Я бросился отыскивать уж редкие ягоды на кустах малины и костяники. Баба Маня, видя такое дело, присела на первую же скамейку отдохнуть.

– Баба Маня, а если мертвых разбудить, они выходят из могил?

– Полно, Марик! Они уж никогда не проснутся. Им там хорошо, и ничего у них не болит. Только меня ты больше не зови бабой Маней.

Я остолбенел:

– А как же?

– Просто баба, бабушка. Без имени. Я все равно откликнусь.

– Ладно! – согласился я, хоть и не понял, почему так надо.

Ягоды попадались редко, а есть мне хотелось сильно. Я нащупал в кармане сухарик и принялся за него.

– Потерпи, Марик. Теперь мы есть будем вместе. Спрячь сухарик. В Бутове будет колодец, там и поедим, – поднялась, кряхтя, баба Маня и добавила: – Как ни думай, а на кладбище хорошо сидится… Ох, уж скоро ли мне-то?

Мы вышли из рощи – и я увидел, как велика, просто огромна земля за нашим селом. Вдали то там, то сям под облаками виднелись маленькие деревушки, села с островерхими церквями. Я и не подозревал об их существовании. Бутово, Сидельницы, Нерехта, Путилиха. То за лесом, то за косогором. Я слыхивал эти названия от взрослых. Но то были только слова. Теперь они были предметны. От них тянулись струйки дыма, а по земле к ним стелились дорожки.

– А где Путилиха? – поднял я глаза к бабе Мане.

– Крошечка моя, не видать ее отсюда. Бутово вон рядом – скоро дойдем. А до Путилихи несколько дней надо.

Я задумался: что же мы будем делать все эти дни?..

Чем ближе мы подходили к Бутову, тем решительнее просыпался мой голод в животе. К тому же мной овладело беспокойство: раз есть мы теперь будем вместе, то как же делить мой сухарик? Он такой маленький. Еще и твердый!

Нет, делить его мне не хотелось, и мысленно я убеждал бабу Маню, что сделать это невозможно. Пусть я съем его сам, а поделим картошину. Я ведь меньше бабы Мани, и мне, чтобы расти, надо больше… Пока я обо всем этом думал, сухарик кончился.

Позади нас первый гудок издала писцовская фабрика. В безветренном воздухе он был чистый и громкий. А навстречу по одному, по два уже шли люди. Чаще – женщины.

– А куда они, баба Маня? – поинтересовался я.

– На работу, Марик, на работу. Слышь, фабрика прогудела? Только ты все-таки помни: баба я тебе, бабушка твоя. Зови просто, баба.
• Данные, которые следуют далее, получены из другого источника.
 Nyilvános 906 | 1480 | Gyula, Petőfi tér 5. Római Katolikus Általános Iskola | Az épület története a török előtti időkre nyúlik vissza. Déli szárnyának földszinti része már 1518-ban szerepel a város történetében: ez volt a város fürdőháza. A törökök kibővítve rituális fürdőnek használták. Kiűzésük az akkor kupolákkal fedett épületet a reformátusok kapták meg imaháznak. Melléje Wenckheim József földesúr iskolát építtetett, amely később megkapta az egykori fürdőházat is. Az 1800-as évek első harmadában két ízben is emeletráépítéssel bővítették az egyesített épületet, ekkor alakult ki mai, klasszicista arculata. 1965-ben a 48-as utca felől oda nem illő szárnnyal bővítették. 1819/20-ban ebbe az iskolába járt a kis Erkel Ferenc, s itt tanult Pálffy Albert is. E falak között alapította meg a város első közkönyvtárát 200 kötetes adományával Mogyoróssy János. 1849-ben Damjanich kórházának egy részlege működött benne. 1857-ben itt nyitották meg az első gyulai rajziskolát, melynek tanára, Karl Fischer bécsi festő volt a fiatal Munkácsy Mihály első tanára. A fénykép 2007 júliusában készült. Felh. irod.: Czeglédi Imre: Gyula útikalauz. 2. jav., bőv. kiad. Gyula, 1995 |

– Значит, когда фабрика гудит, она зовет к себе?

– Да, сердце мое!

Мне это понравилось. И то еще, что я правильно догадался. Как здорово: никому ничего не надо говорить, а всем все понятно и делается как надо. Но меня насторожило, что баба Маня назвала меня и «крошечка моя», и «сердце мое», как раньше не называла. Она и так была добрая. Зачем же мне ласковые прозванья?

Когда мы входили в Бутово, нас крепко перепугал мальчишка, прямо на нас верхом скакавший на толстобрюхой лошади. «Поберегись!» – закричал он. Баба Маня, схватив меня за руку, заметалась из стороны в сторону, не зная, куда потянуть. Но в последний момент прижала-таки меня к забору, заслонив своим грузным телом.
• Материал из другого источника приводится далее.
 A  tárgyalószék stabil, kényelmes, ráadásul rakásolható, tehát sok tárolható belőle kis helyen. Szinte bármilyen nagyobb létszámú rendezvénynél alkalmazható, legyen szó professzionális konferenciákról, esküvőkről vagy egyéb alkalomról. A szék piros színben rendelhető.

– Фулюган! – крикнула баба Маня вдогонку лихачу.

– Чертоплех! – добавил я невесть откуда взявшееся у меня словцо и подпрыгнул от радости.

Мы оказались в клубах густой пыли, но довольны друг другом и тем, что целы. Баба Маня перекрестилась и спросила, почему я так обозвал мальчишку. Я ответил:

– Черт плохой!

– Надо же, – подивилась баба Маня.

Тем временем руки мои потянулись к ногам, которые через минуту горели и зудели нещадно. У забора мы угодили в крапиву.

– Ах ты, горе мое! Коротки же у тебя штанишки. Пойдем скорей к воде, родимый, – хлопотала баба Маня, а себе добавила: – Хорошие все приметы, да больно тяжело даются!

У пруда, просторно разлегшегося посреди Бутова, баба Маня примочками освежила мне ноги и свои тоже обтерла. И по одной из тропок потянула меня вверх, где чинным рядком красовались три избы. Отставая и почесываясь, я все-таки заметил колодец слева и обратил ее внимание на него, как бы намекая на завтрак.

– Вижу, Марик, Но сперва нам на базар надо, а уж потом к колодцу вернемся.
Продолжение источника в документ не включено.